Luego se dirigió a la puerta, orgulloso y escandaloso como un portaviones.
Cuando iba a salir dio “juguetones” golpecitos a Lucas a la altura del
estómago. El alcalde se sentía gracioso, muy gracioso.
Crispín le enseñó los dientes sin dejar de gruñir.
-Por cierto, chaval – me pareció que mi amigo también gruñó-.
Le hablaré de ti al entrenador del equipo, tal vez puedas oler el balón (creo
que no hace falta que os diga quién era el principal accionista del equipo de
fútbol local)-. Dio un portazo y se marchó. ¡Por fin dejamos de verlo!

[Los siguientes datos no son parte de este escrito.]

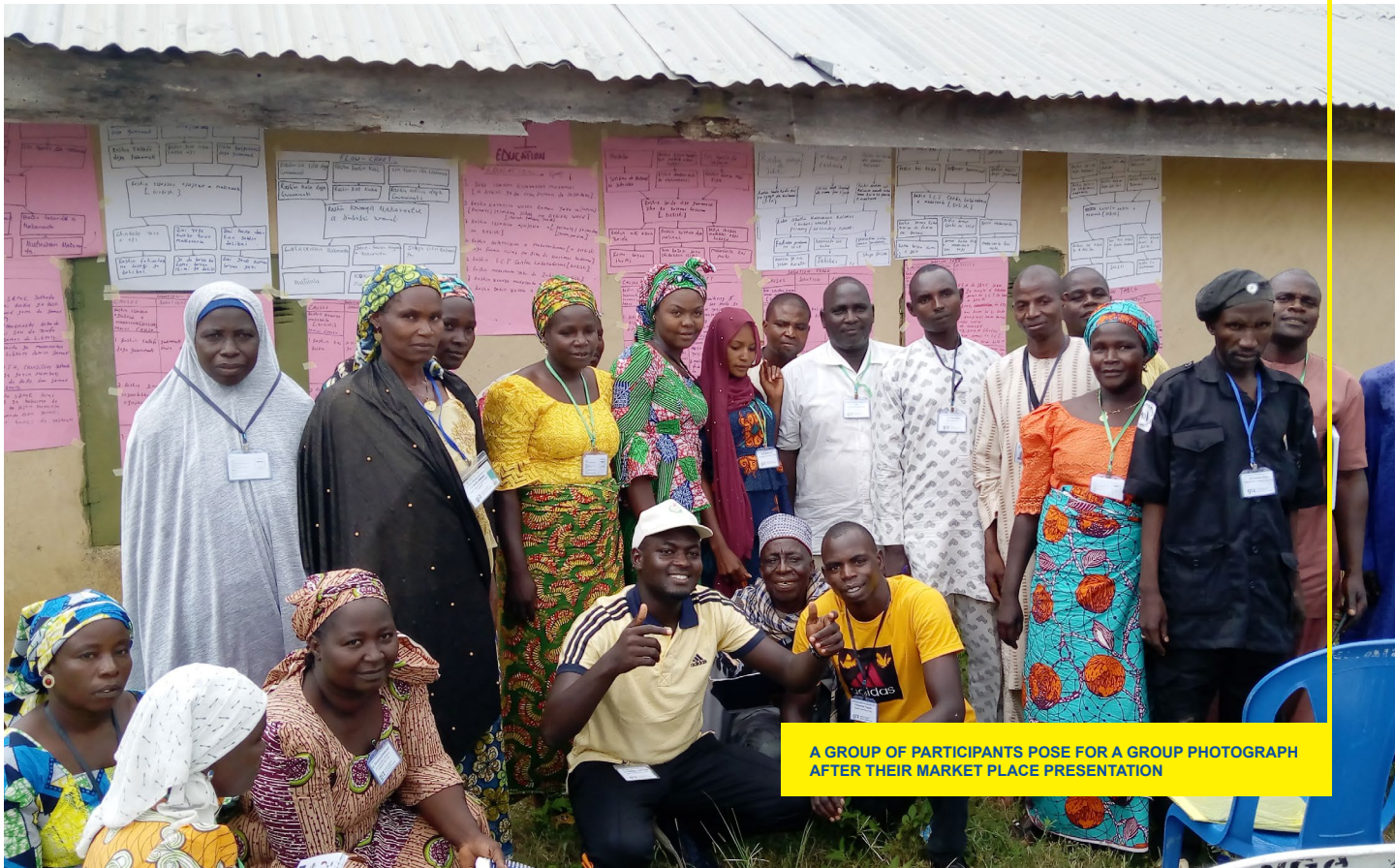
A GROUP OF PARTICIPANTS POSE FOR A GROUP PHOTOGRAPH AFTER THEIR MARKET PLACE PRESENTATION

Development to us is the advancement and progress of a community signified by job opportunities, standard and qualitative healthcare and other basic social amenities. Furthermore, these sessions have enabled us to identify our shared values, which are hard work, self-reliance, sympathy for one another, respect for humanity and support for one another. Inadequate pipe-borne water, lack of a good drainage system, non-availability of refuse dump sites, high rate of theft, kidnapping, inadequate qualified teachers in public schools, dilapidated classrooms, drug abuse, denial of the girl child access to education and poor road networks are some of the challenges that hinder the development of our ward. At the end of the sessions, a 26-man follow-up committee was established and tasked with the responsibility of advocating and lobbying for projects on behalf of our communities.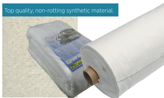
Top quality, non-rotting synthetic material.

This high quality synthetic fabric underlay will protect the pond liner from cuts and leaks from sharp objects, extending the life of the pond and making installation significantly easier. A worthwhile investment!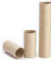
Gift, Paper Towel and Toilet Paper Tubes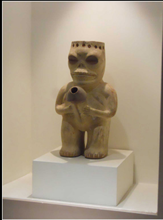
erotic museum piece

-¿Cómo se habrá enterado ese paquebote con bigote de la
ilusión que me hace entrenar en el equipo local?-dijo Lucas, apretando de nuevo
los puños.
-Se entera de todo lo que ocurre en el pueblo, para usarlo en
su beneficio chantajeando a la gente- comentó Horacio Biblo, abriendo su
libreta en la que escribía todos los días con una pluma antigua, bonitas frases
a letra de caligrafía-. Debe de tener espías que le dan los chivatazos, gente
tan impresentable como él.
-¡Es un farsante! Uno de estos días mi padre lo
desenmascarará. Estoy segura- dije con orgullo-. Siempre me dice que una de las
obligaciones de un buen detective es desenmascarar a los farsantes… Aunque-
añadí pensativa- mi padre tardará unos
días en venir.
-¿Y por qué no le echáis vosotros dos una mano mientras tanto?-
nos dijo el señor Horacio, con un pícaro destello en su mirada.
-Es
justo lo que estaba pensando-contesté mirando a Lucas y a Crispín-. Así que ya
es hora de que nos demos una vueltecita
por la Playa
del Muerto y averiguaremos lo que podamos.
Si allí están ocurriendo cosas raras, no me extrañaría que Lolo
Penafreta tuviera algo que ver.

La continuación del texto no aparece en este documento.